TASK INSTRUCTIONS => Your reply should be the whole listing, copied exactly, with the pictures left out.
::: DATASET CONTENT :::
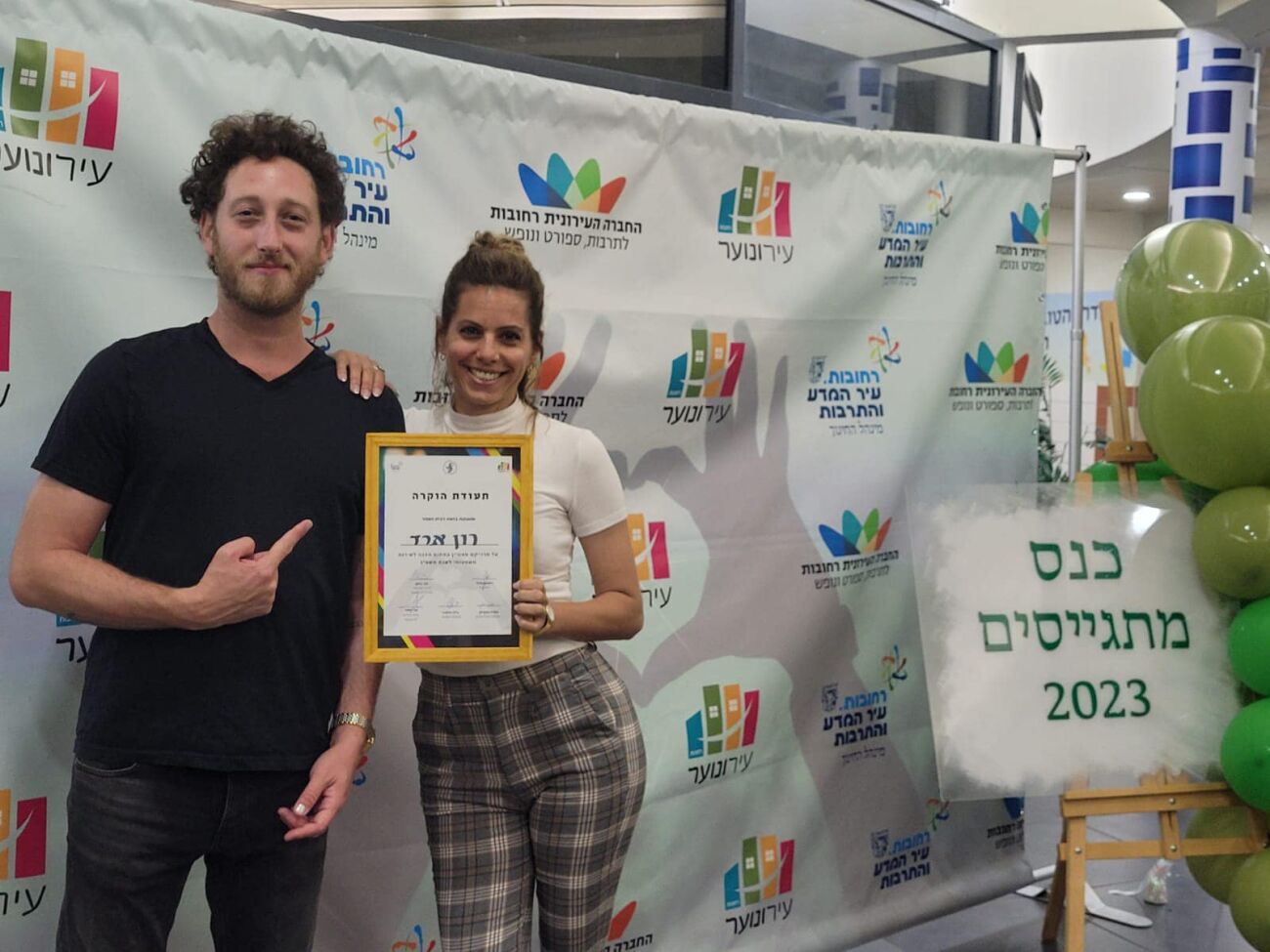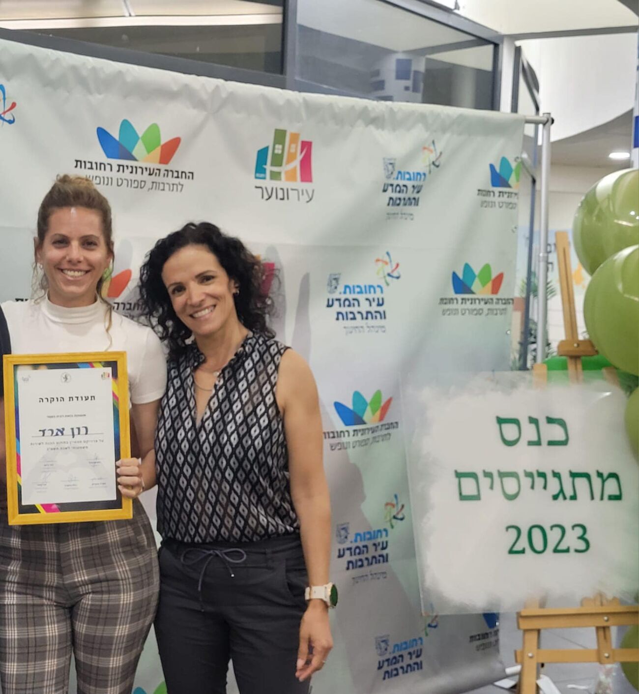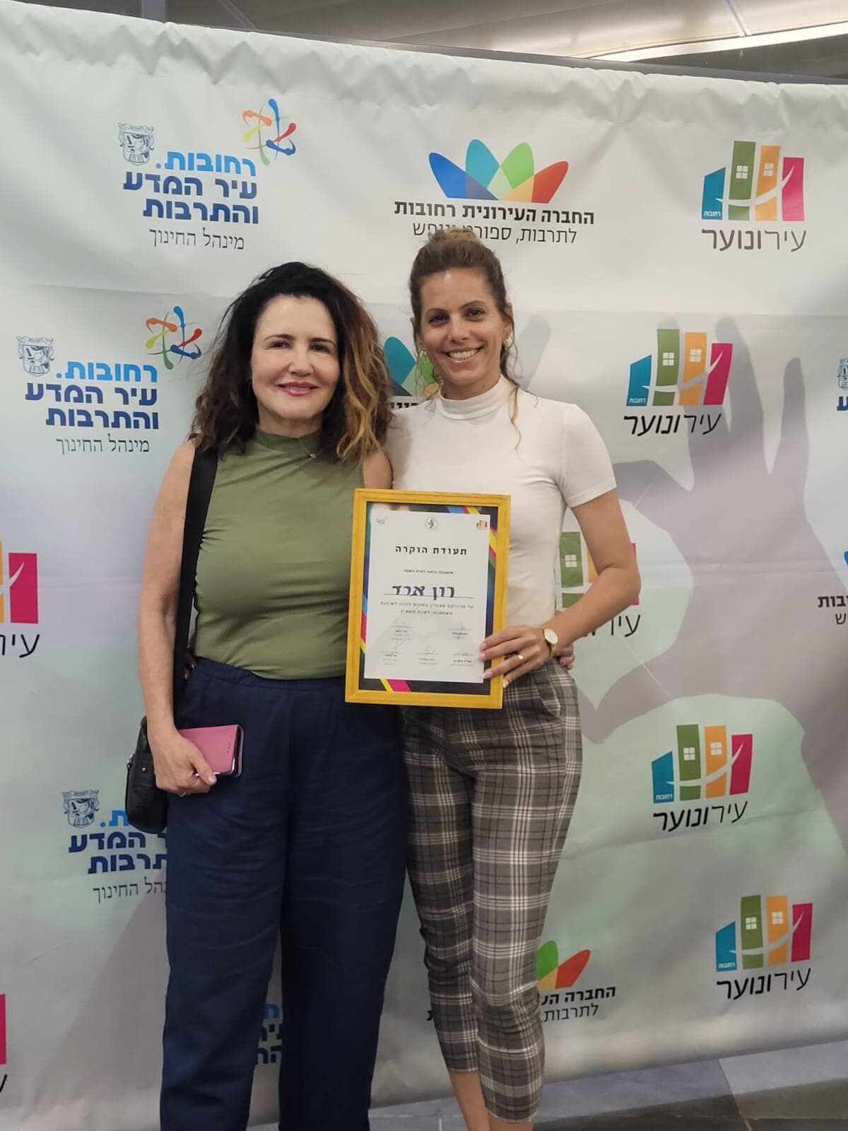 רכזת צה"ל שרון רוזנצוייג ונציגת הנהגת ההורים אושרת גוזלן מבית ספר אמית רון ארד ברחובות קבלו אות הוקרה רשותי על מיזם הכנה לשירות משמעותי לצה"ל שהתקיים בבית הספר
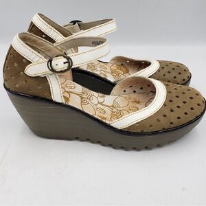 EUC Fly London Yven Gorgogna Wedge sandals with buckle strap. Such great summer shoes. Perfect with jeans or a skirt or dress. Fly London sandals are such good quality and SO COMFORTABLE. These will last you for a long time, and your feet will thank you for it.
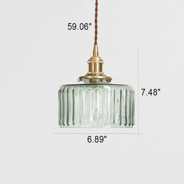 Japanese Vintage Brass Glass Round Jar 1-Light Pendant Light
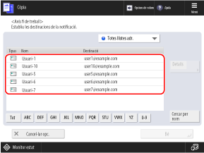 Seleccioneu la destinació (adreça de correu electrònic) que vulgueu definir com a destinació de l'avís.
:::
OUTPUT OF THE TASK =>
 רכזת צה"ל שרון רוזנצוייג ונציגת הנהגת ההורים אושרת גוזלן מבית ספר אמית רון ארד ברחובות קבלו אות הוקרה רשותי על מיזם הכנה לשירות משמעותי לצה"ל שהתקיים בבית הספר
 EUC Fly London Yven Gorgogna Wedge sandals with buckle strap. Such great summer shoes. Perfect with jeans or a skirt or dress. Fly London sandals are such good quality and SO COMFORTABLE. These will last you for a long time, and your feet will thank you for it.
 Japanese Vintage Brass Glass Round Jar 1-Light Pendant Light
 Seleccioneu la destinació (adreça de correu electrònic) que vulgueu definir com a destinació de l'avís.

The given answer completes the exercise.